• _Your assignment_: Could all of the entries be written out exactly, with any pictures omitted?

• _Data for this exercise_:

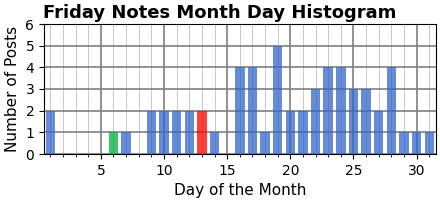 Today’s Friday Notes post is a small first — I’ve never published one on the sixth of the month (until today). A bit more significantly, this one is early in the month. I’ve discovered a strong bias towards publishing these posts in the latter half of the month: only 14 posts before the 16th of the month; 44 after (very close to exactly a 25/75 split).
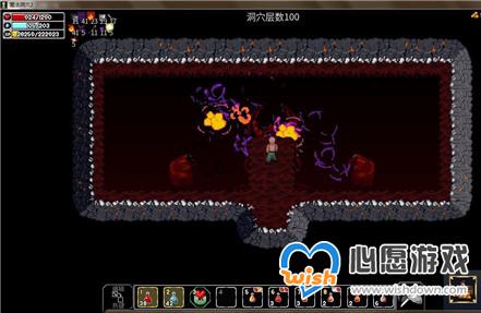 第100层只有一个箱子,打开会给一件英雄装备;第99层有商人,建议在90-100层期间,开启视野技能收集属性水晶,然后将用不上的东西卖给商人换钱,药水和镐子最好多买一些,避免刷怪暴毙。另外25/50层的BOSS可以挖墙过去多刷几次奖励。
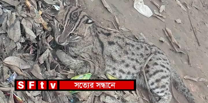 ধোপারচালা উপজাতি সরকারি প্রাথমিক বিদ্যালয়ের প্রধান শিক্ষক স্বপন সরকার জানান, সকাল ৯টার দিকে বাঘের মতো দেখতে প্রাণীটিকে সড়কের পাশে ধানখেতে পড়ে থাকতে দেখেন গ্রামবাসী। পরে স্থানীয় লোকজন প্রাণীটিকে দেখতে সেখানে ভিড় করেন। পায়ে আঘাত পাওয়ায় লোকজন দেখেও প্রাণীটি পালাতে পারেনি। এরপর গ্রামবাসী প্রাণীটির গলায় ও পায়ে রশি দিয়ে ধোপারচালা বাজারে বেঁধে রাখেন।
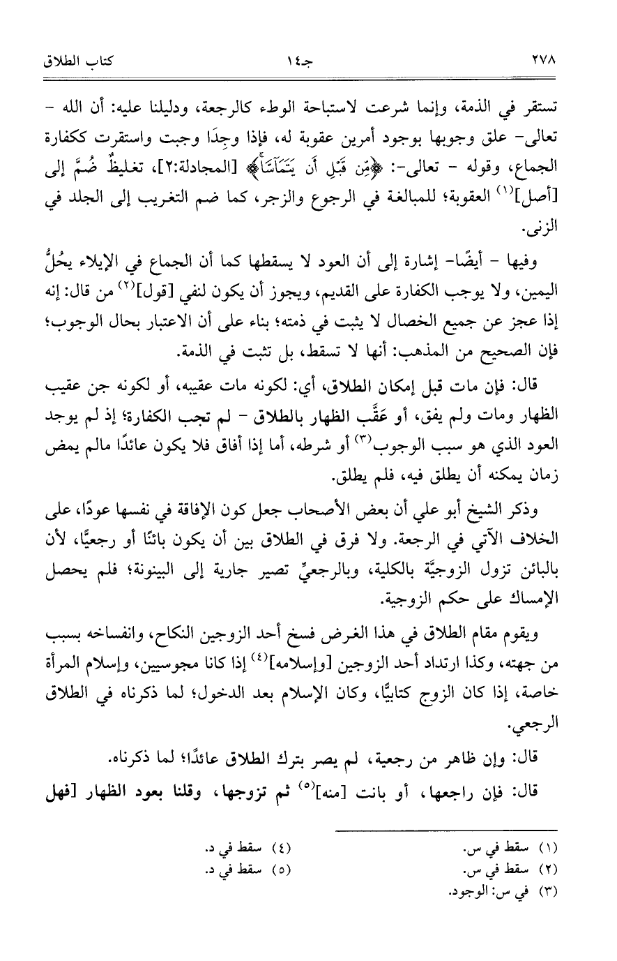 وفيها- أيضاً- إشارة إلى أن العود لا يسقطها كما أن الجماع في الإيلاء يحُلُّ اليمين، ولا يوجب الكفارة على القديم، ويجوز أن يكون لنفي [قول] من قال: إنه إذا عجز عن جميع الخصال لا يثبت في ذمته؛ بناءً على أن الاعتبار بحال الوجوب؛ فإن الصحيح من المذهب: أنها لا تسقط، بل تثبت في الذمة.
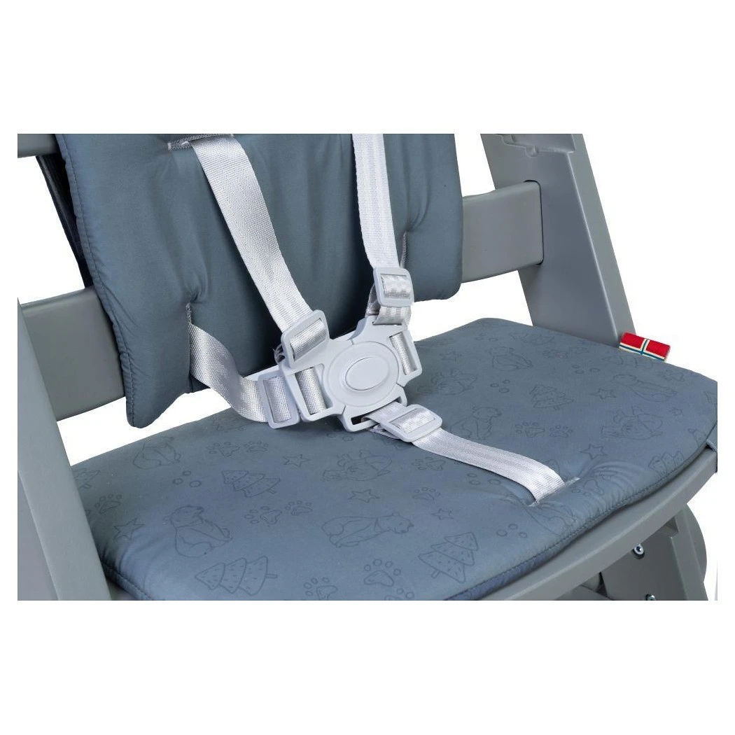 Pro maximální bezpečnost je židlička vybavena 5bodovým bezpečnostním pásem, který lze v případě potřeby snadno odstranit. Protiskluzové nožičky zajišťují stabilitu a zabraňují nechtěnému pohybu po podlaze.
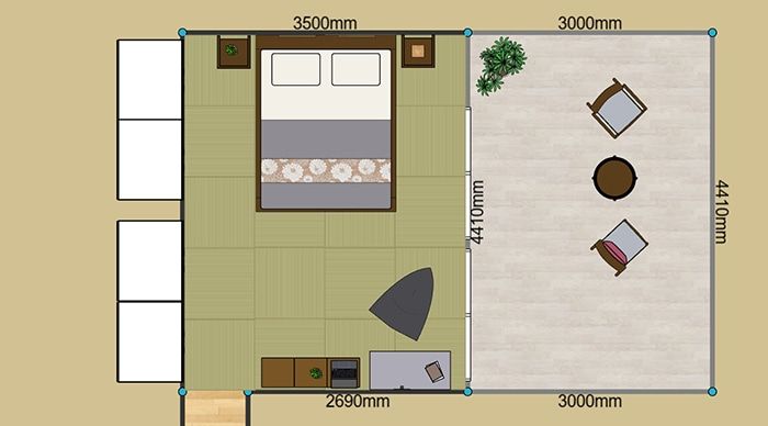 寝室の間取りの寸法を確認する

• _Result for this task_:
 Today’s Friday Notes post is a small first — I’ve never published one on the sixth of the month (until today). A bit more significantly, this one is early in the month. I’ve discovered a strong bias towards publishing these posts in the latter half of the month: only 14 posts before the 16th of the month; 44 after (very close to exactly a 25/75 split).
 第100层只有一个箱子,打开会给一件英雄装备;第99层有商人,建议在90-100层期间,开启视野技能收集属性水晶,然后将用不上的东西卖给商人换钱,药水和镐子最好多买一些,避免刷怪暴毙。另外25/50层的BOSS可以挖墙过去多刷几次奖励。
 ধোপারচালা উপজাতি সরকারি প্রাথমিক বিদ্যালয়ের প্রধান শিক্ষক স্বপন সরকার জানান, সকাল ৯টার দিকে বাঘের মতো দেখতে প্রাণীটিকে সড়কের পাশে ধানখেতে পড়ে থাকতে দেখেন গ্রামবাসী। পরে স্থানীয় লোকজন প্রাণীটিকে দেখতে সেখানে ভিড় করেন। পায়ে আঘাত পাওয়ায় লোকজন দেখেও প্রাণীটি পালাতে পারেনি। এরপর গ্রামবাসী প্রাণীটির গলায় ও পায়ে রশি দিয়ে ধোপারচালা বাজারে বেঁধে রাখেন।
 وفيها- أيضاً- إشارة إلى أن العود لا يسقطها كما أن الجماع في الإيلاء يحُلُّ اليمين، ولا يوجب الكفارة على القديم، ويجوز أن يكون لنفي [قول] من قال: إنه إذا عجز عن جميع الخصال لا يثبت في ذمته؛ بناءً على أن الاعتبار بحال الوجوب؛ فإن الصحيح من المذهب: أنها لا تسقط، بل تثبت في الذمة.
 Pro maximální bezpečnost je židlička vybavena 5bodovým bezpečnostním pásem, který lze v případě potřeby snadno odstranit. Protiskluzové nožičky zajišťují stabilitu a zabraňují nechtěnému pohybu po podlaze.
 寝室の間取りの寸法を確認する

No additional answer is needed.